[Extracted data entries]
----

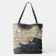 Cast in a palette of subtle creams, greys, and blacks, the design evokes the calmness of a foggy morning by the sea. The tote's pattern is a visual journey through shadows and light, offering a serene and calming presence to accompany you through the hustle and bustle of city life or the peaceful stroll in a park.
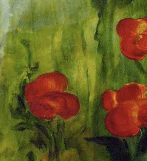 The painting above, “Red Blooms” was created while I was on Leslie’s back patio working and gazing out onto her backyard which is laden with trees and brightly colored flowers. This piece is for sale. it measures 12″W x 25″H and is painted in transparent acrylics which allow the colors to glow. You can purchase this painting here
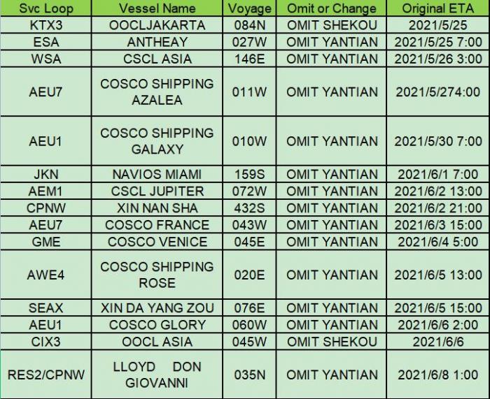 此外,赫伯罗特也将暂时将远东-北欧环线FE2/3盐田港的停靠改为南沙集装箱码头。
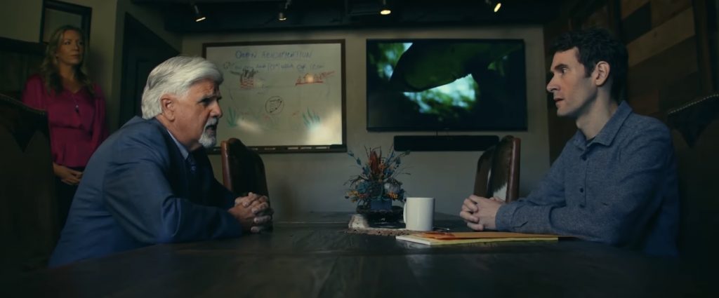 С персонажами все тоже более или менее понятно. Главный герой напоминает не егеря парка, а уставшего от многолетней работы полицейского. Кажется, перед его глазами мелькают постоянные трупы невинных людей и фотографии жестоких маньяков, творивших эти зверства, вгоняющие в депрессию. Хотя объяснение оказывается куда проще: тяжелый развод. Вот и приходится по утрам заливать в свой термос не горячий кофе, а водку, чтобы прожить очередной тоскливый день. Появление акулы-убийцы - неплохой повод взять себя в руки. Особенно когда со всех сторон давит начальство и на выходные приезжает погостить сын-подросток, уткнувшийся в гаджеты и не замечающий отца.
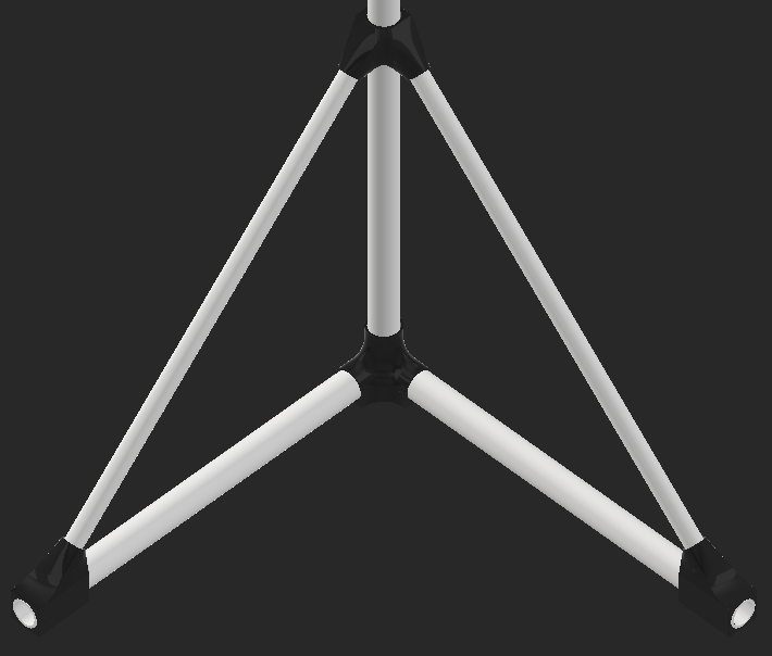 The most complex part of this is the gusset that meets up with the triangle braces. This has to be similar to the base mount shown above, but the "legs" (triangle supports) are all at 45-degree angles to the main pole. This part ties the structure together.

----

• Your objective:
Return each record exactly as given, excluding any image.

• Answer:
 Cast in a palette of subtle creams, greys, and blacks, the design evokes the calmness of a foggy morning by the sea. The tote's pattern is a visual journey through shadows and light, offering a serene and calming presence to accompany you through the hustle and bustle of city life or the peaceful stroll in a park.
 The painting above, “Red Blooms” was created while I was on Leslie’s back patio working and gazing out onto her backyard which is laden with trees and brightly colored flowers. This piece is for sale. it measures 12″W x 25″H and is painted in transparent acrylics which allow the colors to glow. You can purchase this painting here
 此外,赫伯罗特也将暂时将远东-北欧环线FE2/3盐田港的停靠改为南沙集装箱码头。
 С персонажами все тоже более или менее понятно. Главный герой напоминает не егеря парка, а уставшего от многолетней работы полицейского. Кажется, перед его глазами мелькают постоянные трупы невинных людей и фотографии жестоких маньяков, творивших эти зверства, вгоняющие в депрессию. Хотя объяснение оказывается куда проще: тяжелый развод. Вот и приходится по утрам заливать в свой термос не горячий кофе, а водку, чтобы прожить очередной тоскливый день. Появление акулы-убийцы - неплохой повод взять себя в руки. Особенно когда со всех сторон давит начальство и на выходные приезжает погостить сын-подросток, уткнувшийся в гаджеты и не замечающий отца.
 The most complex part of this is the gusset that meets up with the triangle braces. This has to be similar to the base mount shown above, but the "legs" (triangle supports) are all at 45-degree angles to the main pole. This part ties the structure together.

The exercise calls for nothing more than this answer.